На опушке посаженной вдоль берега реки лесопосадки была разбита просторная палатка, в которой я поселился с мамой. В ней же она принимала больных. И совсем вблизи от нас (нужно было перейти через узкий некрашеный деревянный мостик) раскинулись бараки лагеря Пеггетц. В этих бараках разместили «безлошадных», т. е. гражданских беженцев, прибывших в Казачий Стан в Италию через главное Управление Казачьих Войск из разных стран Европы и не располагавших своей конной тягой.
Ничто не омрачало первых недель нашего пребывания в Австрии. Англичане, в чьей зоне оккупации оказался входивший в состав Каринтии Восточный Тироль, никаких внешних признаков враждебности не проявляли и снабжали нас продовольствием. Только много времени спустя после выдачи я обнаружил в местечке Тристах наклеенную на заборе прокламацию фельдмаршала Александера к местному населению с предупреждением не оказывать содействия «военнопленным казакам». Может быть, конечно, это распоряжение было обнародовано и раньше. И все-таки это маловероятно. Скорее всего, английские военные власти не хотели тревожить способных к сопротивлению казаков и расклеили это обращение задним числом, когда все уже было кончено.

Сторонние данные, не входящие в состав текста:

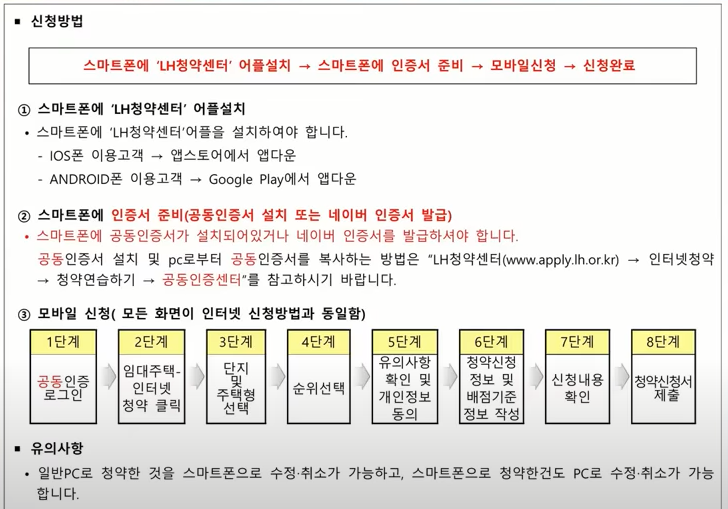 인터넷 신청 방법을 알려드립니다 우선 인증서 또는 공동인증서를 미리 준비하시고 LH 인터넷 청약 시스템에 접속하셔서 다음 신청 방법 8단계를 참고하시어 신청 접수를 진행하시면 됩니다.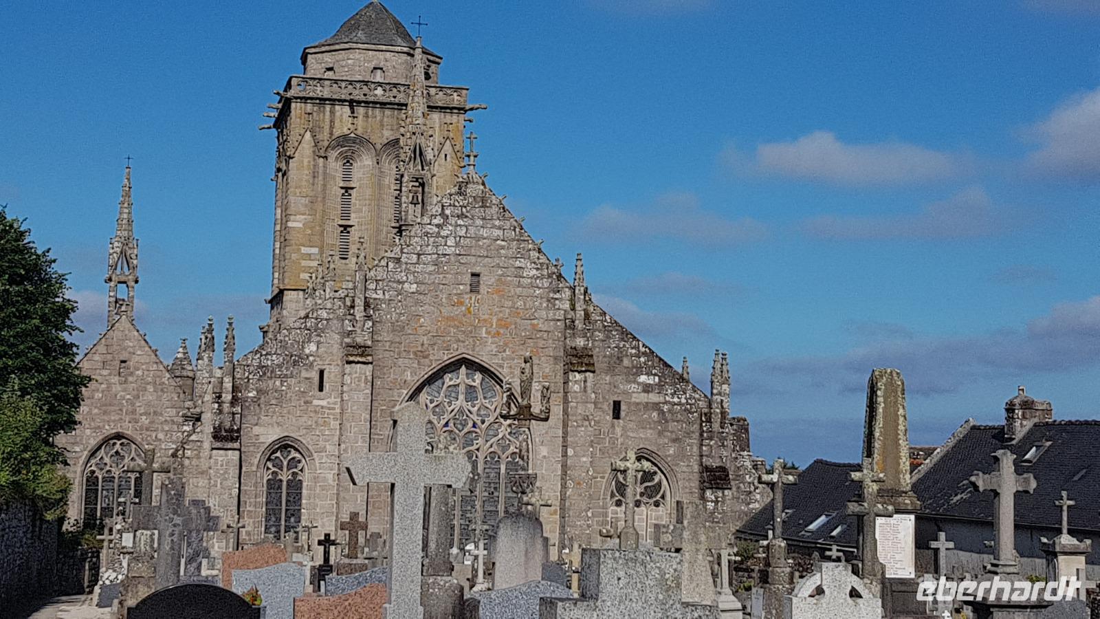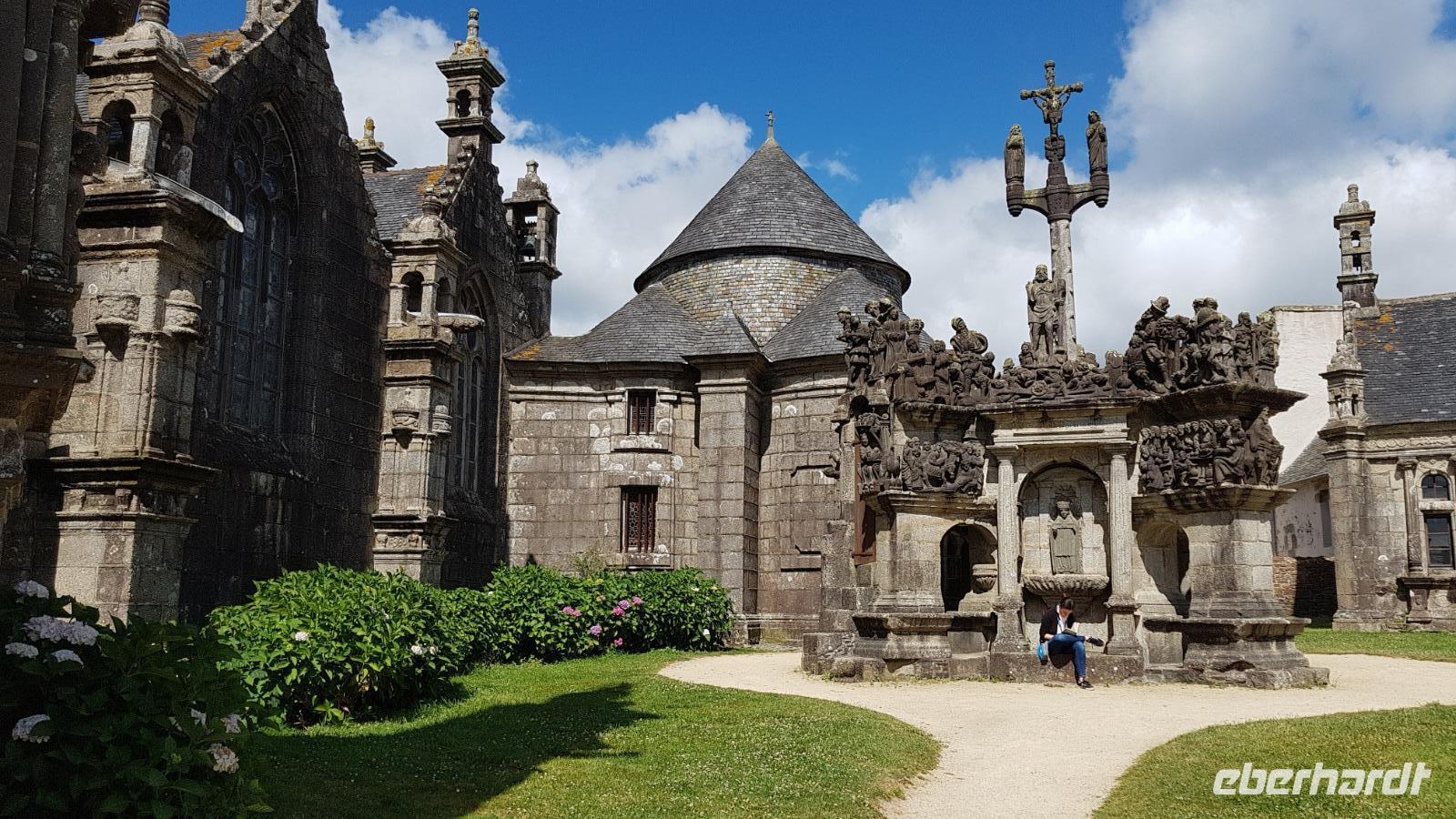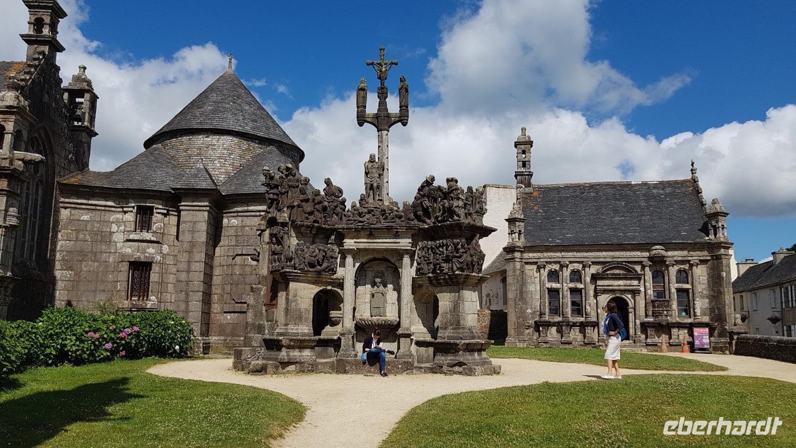 Als wir auf dem Marktplatz eintrafen wurde gerade an der Errichtung von zwei großen Tribünen vor der Kirche gearbeitet. Alle waren in fieberhafter Aktivität, den morgen sollte die „Große Troménie" stattfinden, eine große kirchliche Prozession, die nur alle sechs Jahre veranstaltet wird. So war uns der Blick über den Marktplatz und auf den schönen Brunnen zwar verstellt, die Kirche jedoch konnten wir ungehindert besichtigen.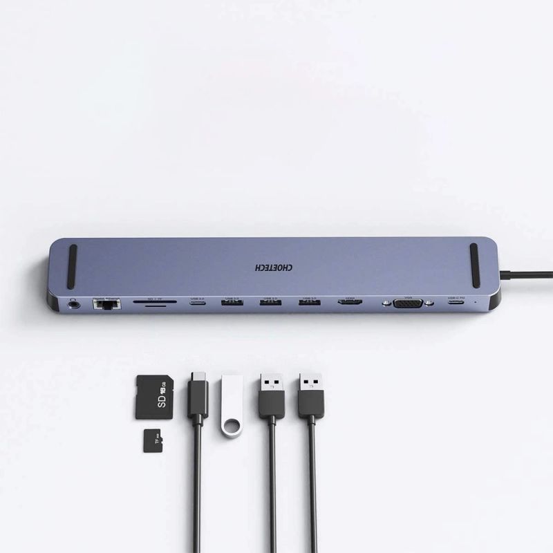 Choetech stacja dokująca adapter hub USB Typ C 11w1 100W PD szary (HUB-M20):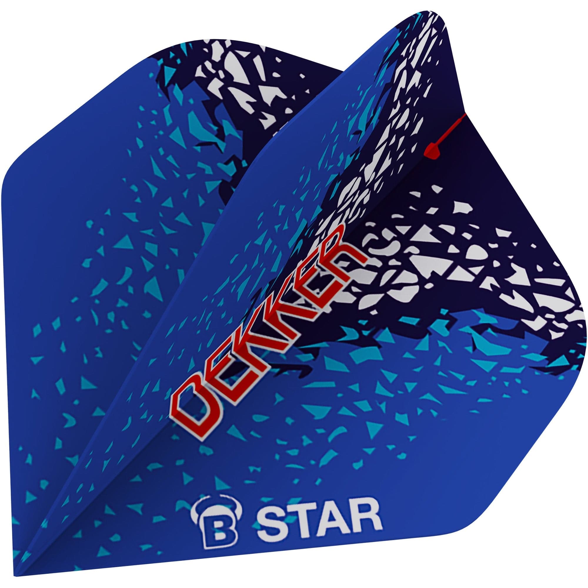 BULL'S B-Star Dart Flights - 100 Micron - A-Std - Jan Dekker - F4223. This flight is made from the most popular 100 Micron material, in the B-Star Flight series in standard A-Shape. This is the official flight of Jan Dekker with a blue design. Each pack contains 3 flights.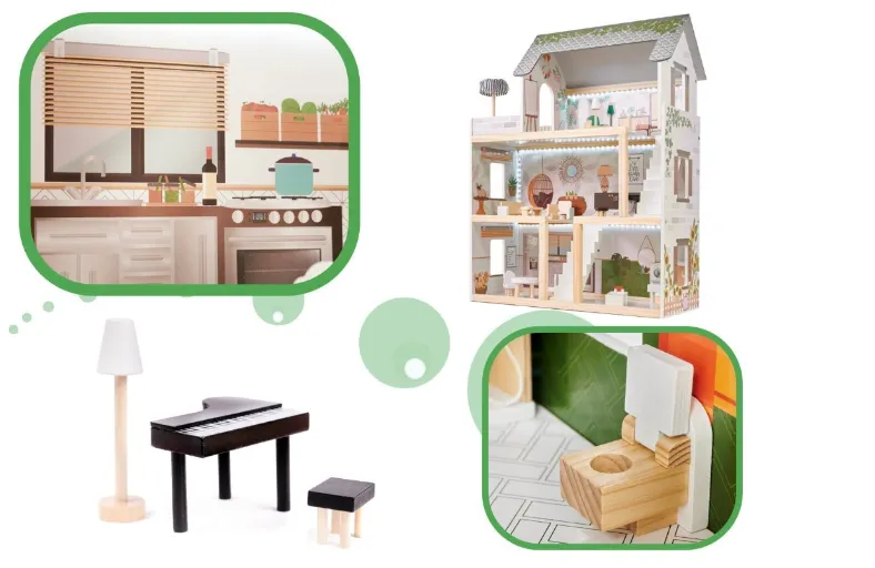 Назначение: домик‑игрушка для кукол, подходит для сюжетно‑ролевых игр, расстановки мини‑мебели и аксессуаров.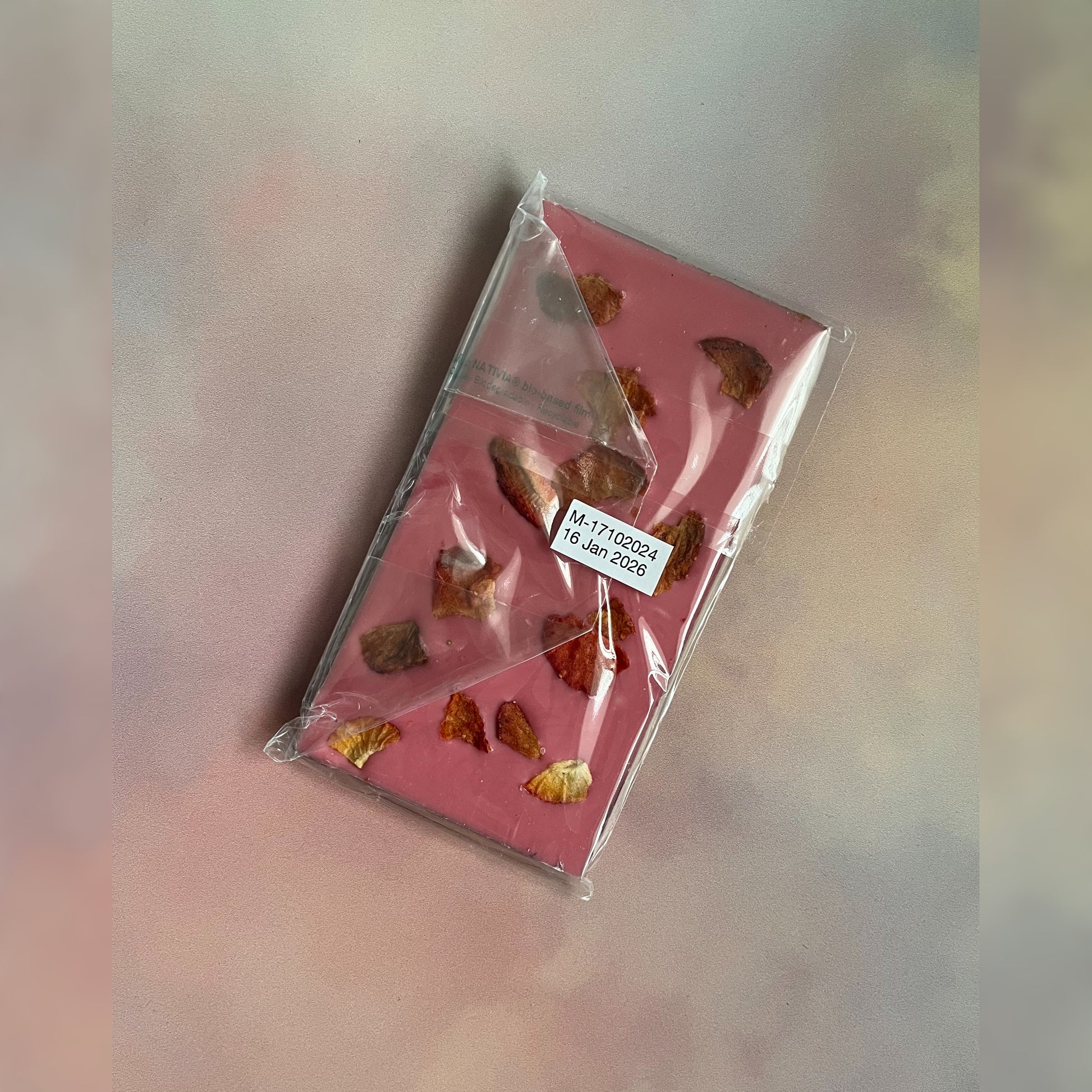 Strawberry Bar: Cocoa butter, cocoa mass, sugar, whole milk powder, lecithin; soy, natural vanilla flavouring, freeze dried strawberries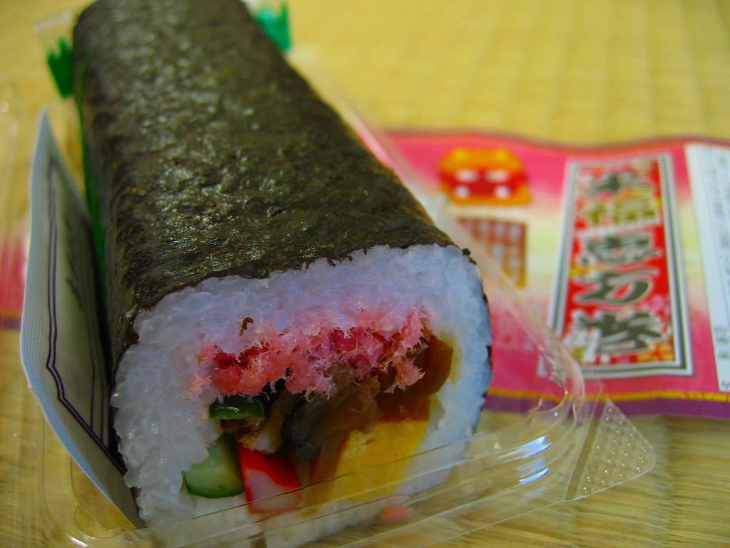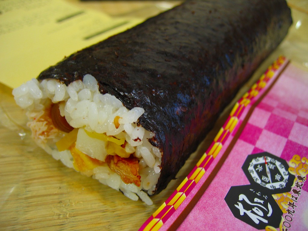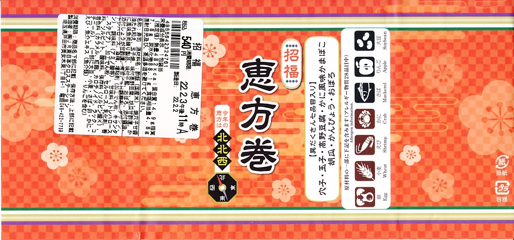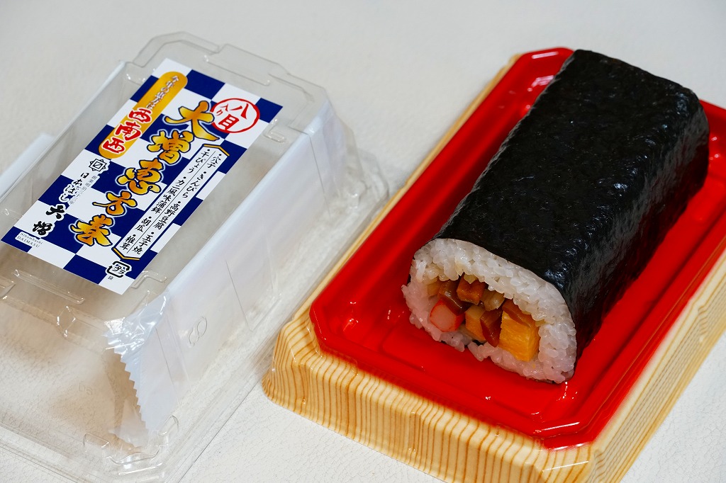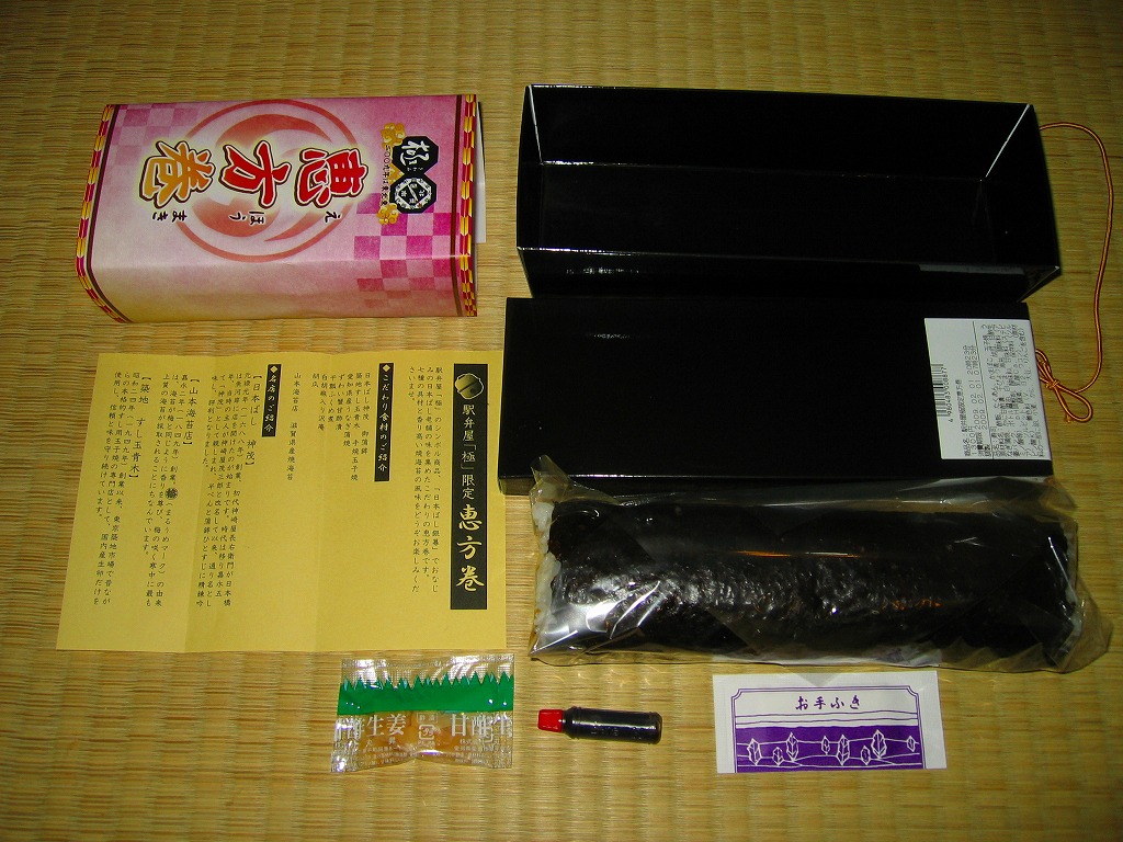 調製元が2006(平成18)年から東京駅などで販売する恵方巻きの駅弁の、2022(令和4)年2月3日のもの。この名前では6年ぶりの販売かもしれない。透明なプラ容器に、太く短い太巻きを1本詰め、掛紙を巻く。太巻きの具は、穴子・玉子・高野豆腐・かに風味かまぼこ・胡瓜(きゅうり)・かんぴょう・おぼろの7品目。恵方巻きの具材は7品目である、それは七福神にちなんだものだと紹介する記事もある。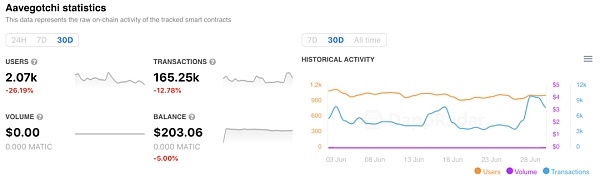 Aavegotchi去年3月从以太坊切换到Polygon,显示出积极的结果。尽管与3月份的峰值相比,唯一活跃钱包数量下降了22.45%,但下一个扩展将是Gotchiverse Realm的推出,这是一个数字元宇宙世界。随着额外游戏机制的增加,比如迷你游戏,预计像素化的鬼魂会在未来几个月吸引更多用户。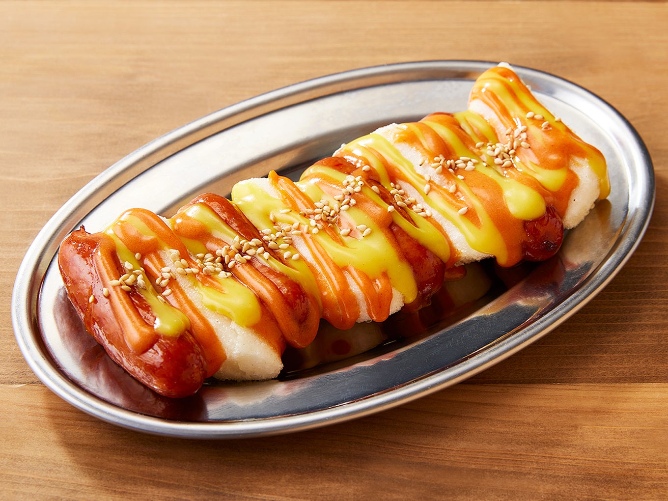 SNSで今話題の、お餅とソーセージが串に刺さった韓国屋台の人気メニューをキッサカバ流にアレンジ。甘辛いロゼソース(コチュジャン+クリーム)とハニーマスタードソースがくせになります。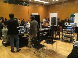 会場は、夢メッセみやぎの会議棟1階の大ホール、および2階。1階は大きな体育館ほどの広さのホールで、たくさんのメーカーがブースを出して多くの来場者に個別に案内を行っていた。2階はハイエンドオーディオルームは2つと、映像のデモルームとなっていた。

Правда, вскоре после прибытия на новые места мы сдали огнестрельное оружие. Оружие сохранили, если мне не изменяет память, только конные казачьи патрули, оставленные для охраны порядка англичанами. Во всяком случае, я обнаружил мой легкий французский кавалерийский карабин (этими карабинами были вооружены юнкера нашего училища) у одного из казаков такого патруля.
В силу этой неопределенности нашего статуса, все время до выдачи среди казаков, ходили самые разнообразные слухи. Все еще оставаясь в отпуску, я часто ходил в училище, встречался с товарищами и, разумеется, мы все толковали о будущем.
О выдаче никто не помышлял. Прежде всего, представлялось немыслимым, что союз между капиталистическими Англией и США, с одной стороны, и коммунистическим СССР, с другой, может быть продолжительным. Исторически союз этот мог быть только «браком по расчету» и при этом браком противоестественным. Почему-то преобладало убеждение, что генерал А.А: Власов уже установил контакт с западными союзниками с целью продолжения борьбы против большевизма. И уж здесь никто не сомневался, что с возобновлением этой борьбы Советская Армия перейдет на сторону РОА (в числе симпатизирующих военачальников особенно часто упоминался в этих рассуждениях маршал Г.К. Жуков). Мы, разумеется, не могли знать, что уже 12-го мая генерал Власов был передан американцами большевикам.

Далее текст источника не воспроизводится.